* _Data excerpts_
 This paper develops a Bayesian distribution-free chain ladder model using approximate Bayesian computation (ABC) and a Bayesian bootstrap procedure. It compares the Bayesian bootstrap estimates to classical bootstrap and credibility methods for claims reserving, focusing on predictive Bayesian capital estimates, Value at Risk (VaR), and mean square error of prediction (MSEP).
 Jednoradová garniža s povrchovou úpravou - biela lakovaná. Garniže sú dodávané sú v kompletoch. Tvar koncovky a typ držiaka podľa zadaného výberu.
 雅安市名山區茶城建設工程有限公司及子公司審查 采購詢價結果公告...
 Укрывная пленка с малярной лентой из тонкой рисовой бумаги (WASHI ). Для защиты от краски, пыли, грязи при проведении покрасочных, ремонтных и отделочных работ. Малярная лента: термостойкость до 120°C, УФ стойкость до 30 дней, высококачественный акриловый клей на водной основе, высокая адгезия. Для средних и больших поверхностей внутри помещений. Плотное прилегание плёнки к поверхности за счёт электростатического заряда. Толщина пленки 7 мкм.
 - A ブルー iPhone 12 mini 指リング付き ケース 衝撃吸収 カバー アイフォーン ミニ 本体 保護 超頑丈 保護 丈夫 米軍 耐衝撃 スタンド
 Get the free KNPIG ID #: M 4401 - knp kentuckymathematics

==

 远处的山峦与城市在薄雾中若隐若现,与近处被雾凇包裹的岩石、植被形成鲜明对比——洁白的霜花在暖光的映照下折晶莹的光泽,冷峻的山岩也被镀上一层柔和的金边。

* _Work to be completed_
Look back at the entries above. Retype the line with "Jednoradová garniža s", the line with "Get the free", and all lines in between.

* _Response to the task_
 Jednoradová garniža s povrchovou úpravou - biela lakovaná. Garniže sú dodávané sú v kompletoch. Tvar koncovky a typ držiaka podľa zadaného výberu.
 雅安市名山區茶城建設工程有限公司及子公司審查 采購詢價結果公告...
 Укрывная пленка с малярной лентой из тонкой рисовой бумаги (WASHI ). Для защиты от краски, пыли, грязи при проведении покрасочных, ремонтных и отделочных работ. Малярная лента: термостойкость до 120°C, УФ стойкость до 30 дней, высококачественный акриловый клей на водной основе, высокая адгезия. Для средних и больших поверхностей внутри помещений. Плотное прилегание плёнки к поверхности за счёт электростатического заряда. Толщина пленки 7 мкм.
 - A ブルー iPhone 12 mini 指リング付き ケース 衝撃吸収 カバー アイフォーン ミニ 本体 保護 超頑丈 保護 丈夫 米軍 耐衝撃 スタンド
 Get the free KNPIG ID #: M 4401 - knp kentuckymathematics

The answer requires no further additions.